John Paul II in his 1995 encyclical letter Evangelium Vitae reminds us, “when the sense of God is lost, there is also a tendency to lose the sense of man, of his dignity and his life; in turn, the systematic violation of the moral law, especially in the serious matter of respect for human life and its dignity, produces a kind of progressive darkening of the capacity to discern God’s living and saving presence” (no. 21). Admittedly, I have seen the danger of the reduction of humanity which results in a loss of dignity of the individual person. Days when I struggle with patience, I sometimes reduce my children as tasks to be managed and the ultimate goal is getting them to bedtime by the arbitrary deadline I impose on the family.

As a person with OCD, it is a daily battle to combat my compulsive urges for order and stability. Unfortunately, my control-everything mindset does not simply reside in my home-life—it seeps into the workplace as well. I get to be so goal-driven and task-oriented that sometimes I miss the entire purpose of my job [and well, any job for that matter]—to help others! Over the past couple weeks, I sought out acknowledgement from the superiors in my department and I got a little frustrated when I did not constantly receive “corporate praise”.

St. Teresa of Avila once said, “There is more value in a little study of humility and in a single act of it than in all the knowledge in the world.” I would do well to heed this advice. I am grateful I came across the saint’s words as I began a fresh week. Focusing on the virtue of humility got my mind thinking. Eventually, my thoughts landed on a book from our living room bookshelf—Max Lucado’s You are Special. A staple in any children’s library, this is a story that I relate to more and more with each passing year. As amazing and wise as John Paul II and Teresa of Avila, are God mysteriously stirred the story of the Wemmicks in my long-term memory bank to remind myself the true meaning of life! Let me explain:

god be merciful

  1. God is a Merciful Judge: The tale begins with the average day for wooden creatures known as Wemmicks. Tirelessly, grey dots and golden stars are being placed on each individual. Dots represent a defect in a Wemmick whereas stars signify a positive attribute. All the Wemmicks were created by the same woodcarver—Eli.
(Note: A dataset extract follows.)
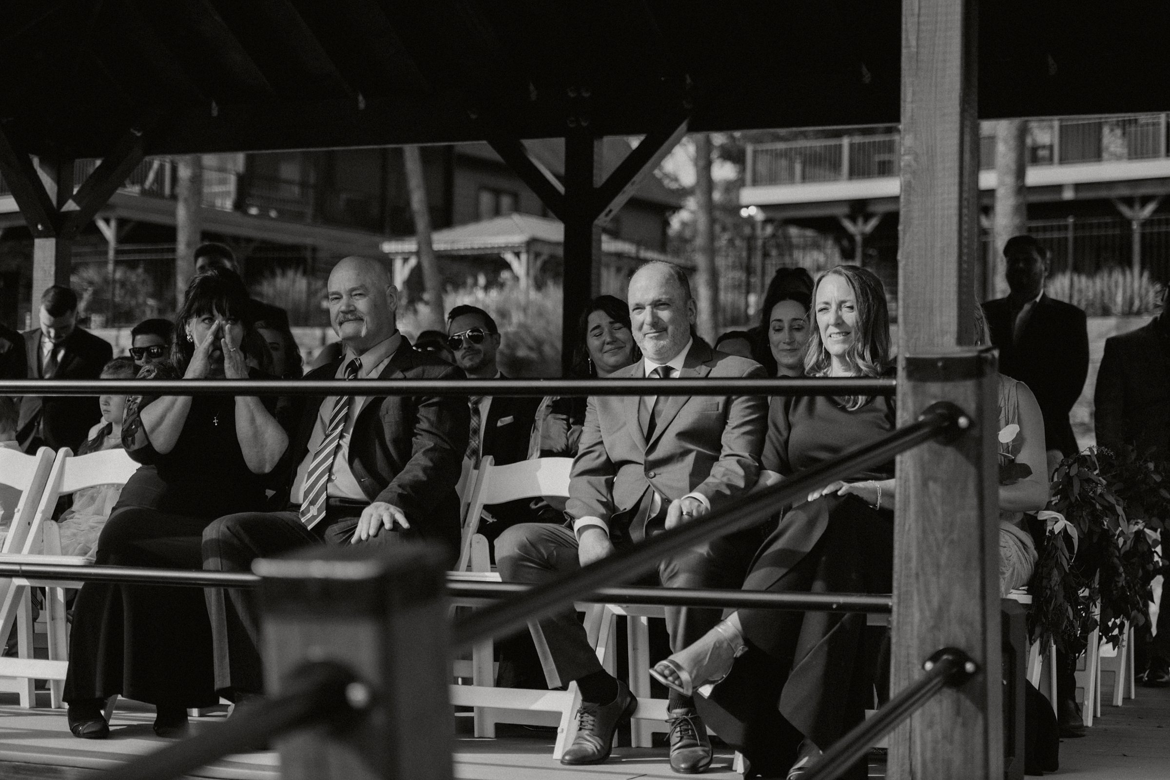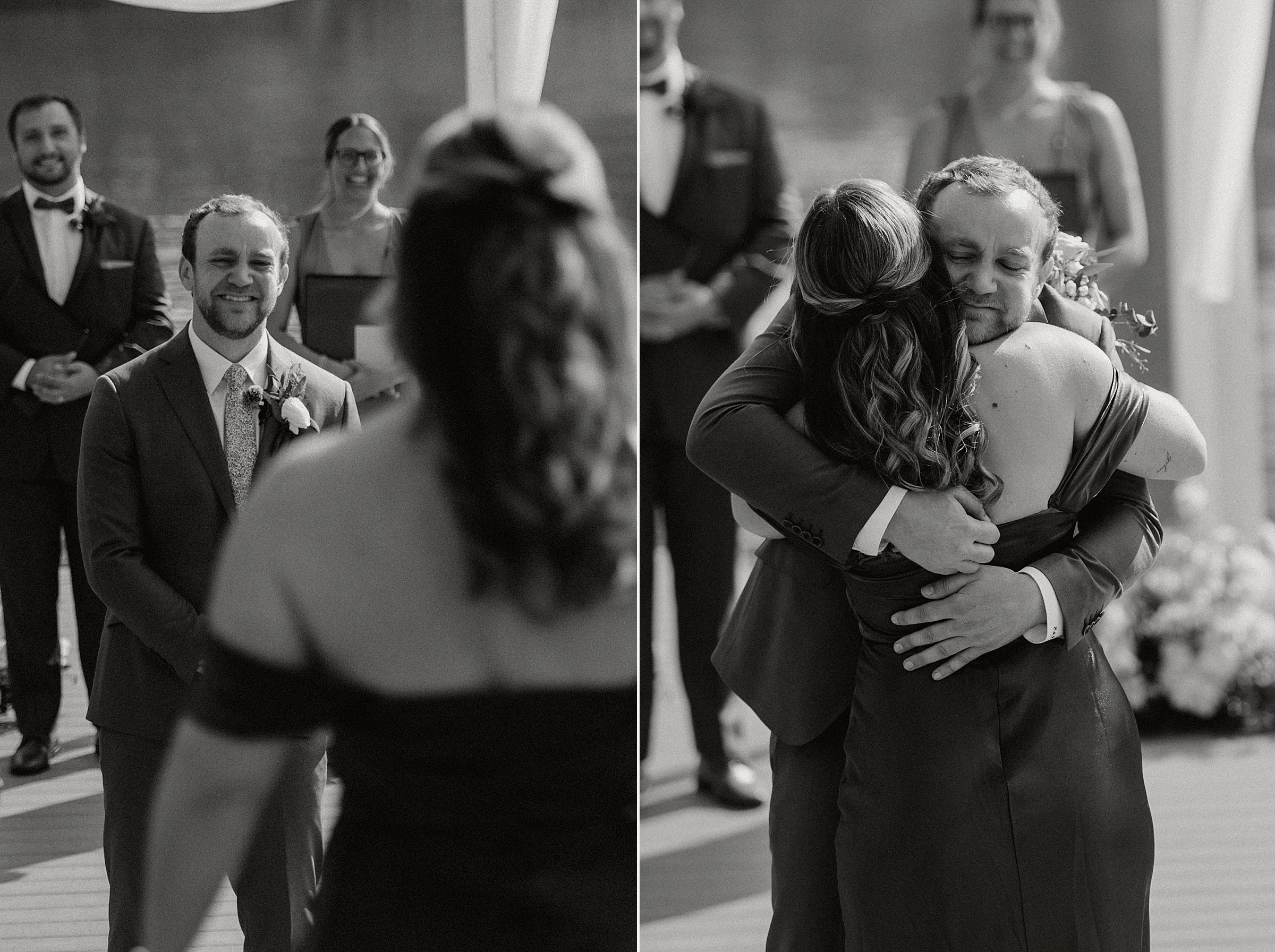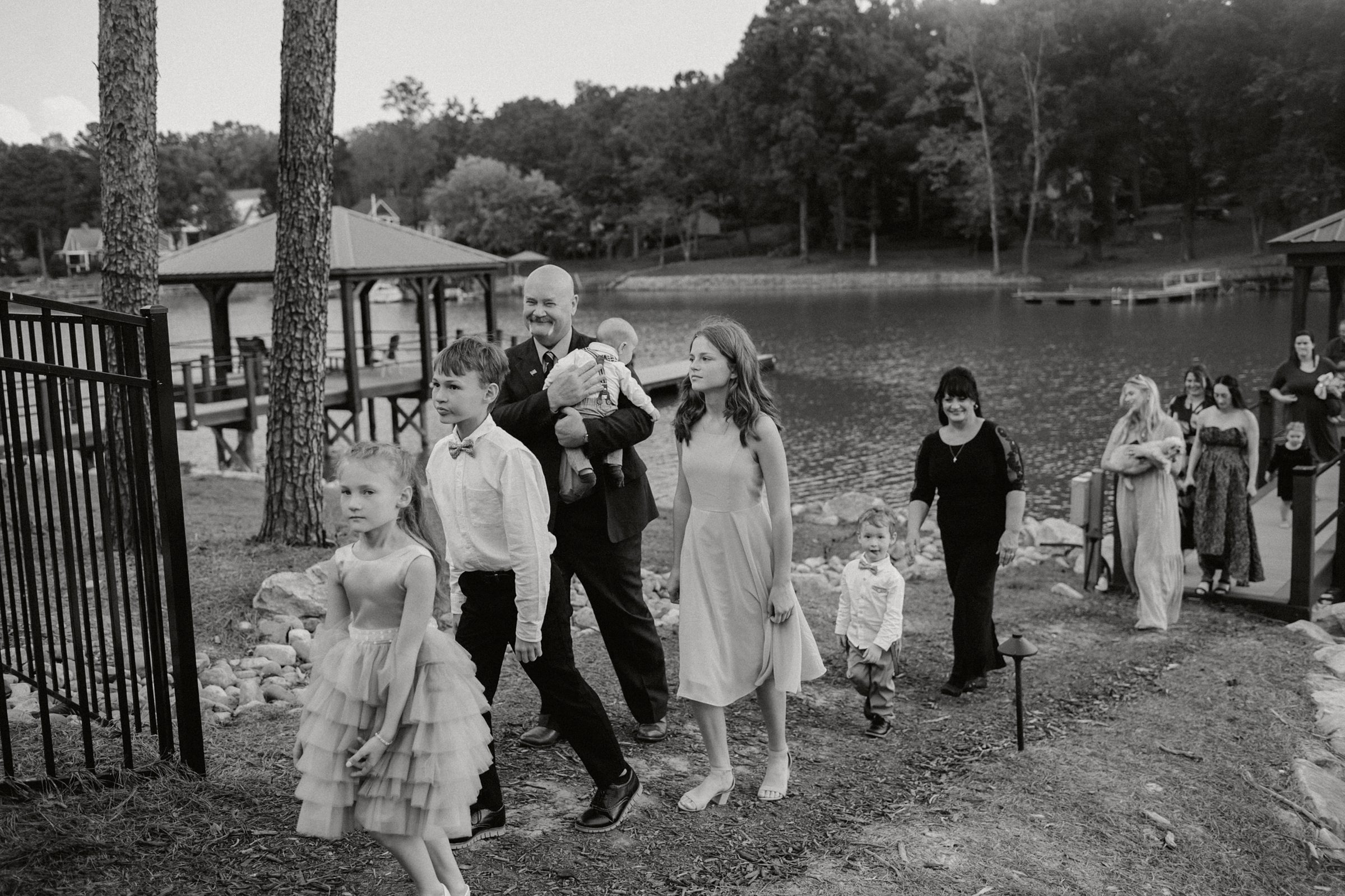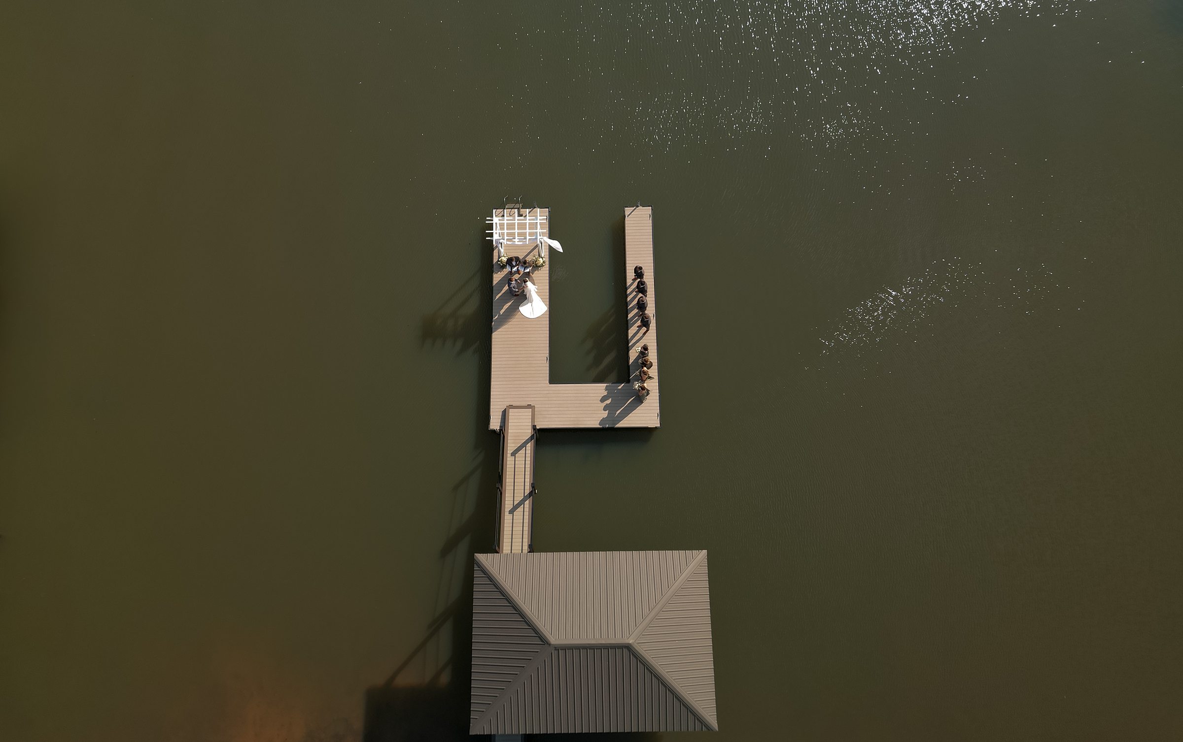 Their ceremony was truly one-of-a-kind. Jess and Ethan stood literally on top of Lake Norman itself—on a floating dock—while their guests watched from a covered dock about 20 feet away. Their wedding party stood on an adjacent dock, creating an intimate setting like no other. Their dear friends officiated the ceremony, filling it with meaningful moments, including a reading from The Fault in Our Stars, one of their favorite books.

Punchinello is a Wemmick who receives only grey dots—and a lot of them! Over the course of the book, he gets to encounter an unblemished Wemmick without the stain of either dots or stars. Punchinello learns that visiting Eli on his hilltop residence grants Wemmicks the knowledge that they do not have to be defined by the type of markings they gave each other, and we even find out that the love of Eli prohibits dots or stars from sticking to the wooden creatures!

An obvious allegory for the Christian life, I am reminded that any good reward [or lack thereof] I receive at work does not increase or decrease my dignity as a human person or as an adopted son of God. God is a merciful judge in that He allows every day to be a new opportunity to love Him and to love my neighbor. The reception of confession is a powerful tool I have utilized in the past couple months to help combat my scrupulosity.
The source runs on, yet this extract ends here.